The Givenness of Things: Essays by Marilynne Robinson
My rating: 2 of 5 stars
Marilynne Robinson does her best to make “liberal” attractive again.
I don’t think she ever uses the word, and I don’t mean it here in the way that conservative talk shows do. She only occasionally advocates for more involvement of the state in our lives, and then only obliquely.
No, I mean the classical liberal, non-economic sense, of being open-hearted to one another as people. Her thesis is found on the last page:
“Everything depends on reverence for who we are and what we are, on the sacredness implicit in the human circumstance. We know how deeply we can injure one another by denying fairness. We know how profoundly we can impoverish ourselves by failing to find value in one another. We know that respect is a profound alleviation, which we can offer and too often withhold” (286).
She couches the truth in very gentle terms, for an audience now unaccustomed to biblical truth. But referring to Calvin and the Puritans often, Robinson asserts that people are made in the image of God, and must be treated as such. If you can ignore her undercurrent of universalism and neo-orthodox treatment of Scripture, this is an important take-away.

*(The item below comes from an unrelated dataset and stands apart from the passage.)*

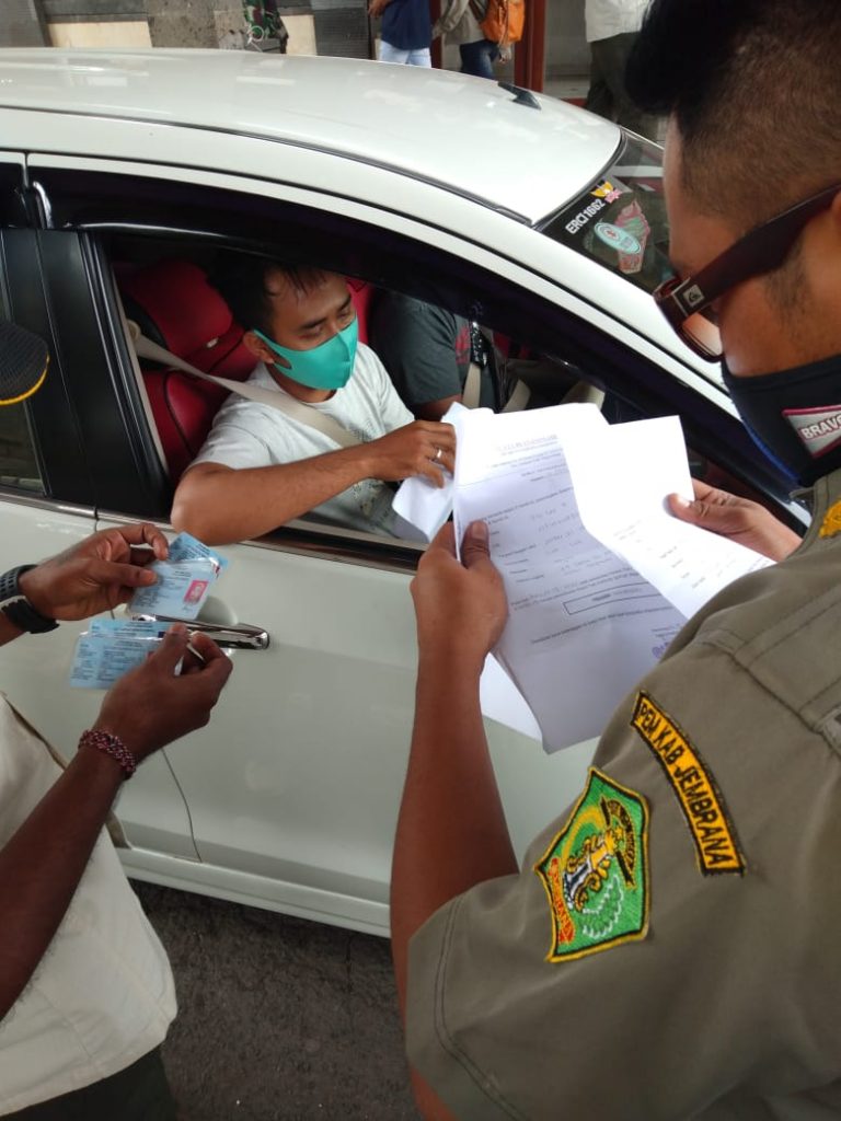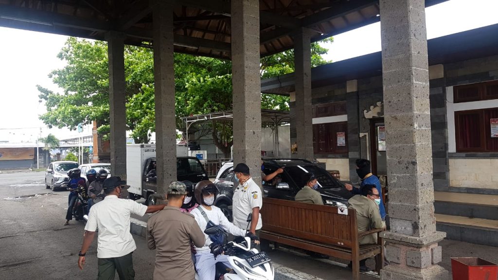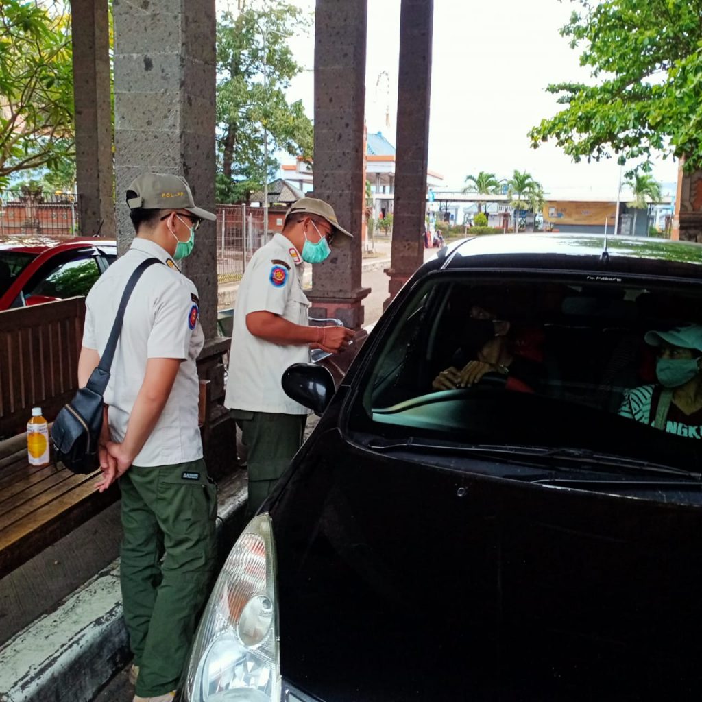 Giat Penegakan Peraturan Gubernur Bali Nomor 46 Tahun 2020 Tentang Penerapan Disiplin dan Penegakan Hukum Protokol Kesehatan Sebagai Upaya Pemerintah Pencegahan dan Pengendalian Covid-19 Dalam Tatanan Kehidupan Kehidupan Era Baru, di Pintu Masuk Bali Pelabuhan Gilimanuk untuk memastikan arus kedatangan orang taat pada Protokol Kesehatan dimulai sejak 4 Oktober 2020.

The givenness of things involves our created-ness, the universe as vast and mysterious, our need for forgiveness and grace from others. She upholds “a generous and even a costly readiness to show our respect for all minds and spirits, especially for those whose place in life might cheat them of respect…. To value one another is our greatest safety, and to indulge in fear and contempt is our gravest error” (29). This needs some tempering with a realistic view of the sin at work in everyone’s lives. But it’s refreshing, coming from conservative circles where the tendency is to only value propositional truth. If the person doesn’t hold to the truth exactly as I see it, the person is abruptly dismissed. Robinson instead calls for respect and tolerance (in the old, best sense of the word), and patient regard for the soul God is working on. As the fellow says, people need kindness, because everyone is dealing with something hard.
This leads her to defend the humanities in academia, at a time when our culture looks more to science for answers. I agree with her in this, though she may go too far in the “education as savior” direction. But she also interacts with contemporary science quite a bit, usually making the point that we don’t know as much as we think we know.
Robinson’s writing style is not very accessible – she’s more academic. 3 on a scale of 1 to 10 on that one. But her tone does convey her thesis: value the givenness of things that God has built into the souls around you.